Friday, April 19, 2013

Inuksuit


Our command of Inuit is not what it should be, but here at GORP headquarters we know a better deal when we see one.  On Sunday afternoon, in a performance that is free and open to the public, the University of Richmond will stage John Luther Adams’s ecological composition Inuksuit at the Jenkins Greek Theatre, just above Westhampton Lake.  GORP will be there – and not at Great Shiplock Park – because, well, this sounds like a whole lot more fun than picking up trash:
Thoreau recorded the momentous social and environmental changes of the industrial revolution through describing the interactions of natural and man-made sound: the “music” of the wind on the telegraph wire, the interaction between birdsong and train whistles, the play of wind and whirring sawmills. For Thoreau, close listening gave these ‘found sounds’ the vividness of musical events. The Alaska-based composer John Luther Adams (b. 1953) composes the momentous social and environmental changes of our era, documenting climate change and cultural loss in sound itself.

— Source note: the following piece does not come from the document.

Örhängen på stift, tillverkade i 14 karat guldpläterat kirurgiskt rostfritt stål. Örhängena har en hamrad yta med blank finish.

In collaboration with the Grammy Award winning Eighth Blackbird ensemble, the University of Richmond will stage Adams’ monumental ecological composition -Inuksuit (an Inuit word meaning ‘in the capacity of the human’).  The 90-minute composition, scored for 99 drummers, will be performed in the wooded area of the campus along Westhampton Lake. Composed to blend (and confuse) the sounds of nature and humanity, Adams invites us to hear our world as Thoreau heard Walden.

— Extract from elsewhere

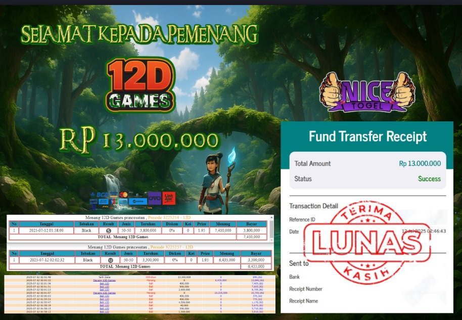 Selamat kepada User id : KRES*** Telah berhasil mendapatkan kemenangan besar pada permainan JACKPOT LIVE GAMES 12D Dengan kemenangan Sebesar Rp.13.000.000,- Setelah mengisi formulir withdraw dengan kurung waktu hanya 5 – 10 menit pihak NICETOGEL sudah melakukan transfer kepada pemilik Userid dan dana sudah dapat di cairkan oleh pemenang. Bukti pembayaran yang kami berikan merupakan bukti pembayaran yang SAH / VALID yang langung di dapatkan melaui tanda transfer transaksi dari Bank yang di tuju.

The performance starts at 4:00 p.m. and ends at 5:30.  Parking is available at the Modlin Center for the Arts (for directions click here).

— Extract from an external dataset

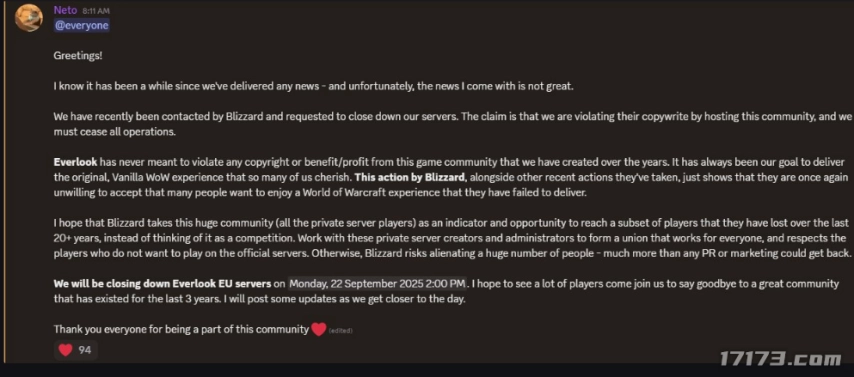 杀鸡儆猴?暴雪广发律师函,多家魔兽私服提桶跑路

Afterward, for those so inclined, we will make our way to Palani Drive for dinner.
Hope you can join us.
“I went to the woods because I wished to live deliberately, to front only the essential facts of life, and see if I could not learn what it had to teach, and not, when I came to die, discover that I had not lived.” – Henry David Thoreau, Walden
 

1 comment:

  1. I was really blown away by this performance. The blending together of the sounds of the piccolo with the birds and then the fading out of the piccolo with only the bird song remaining really moved me.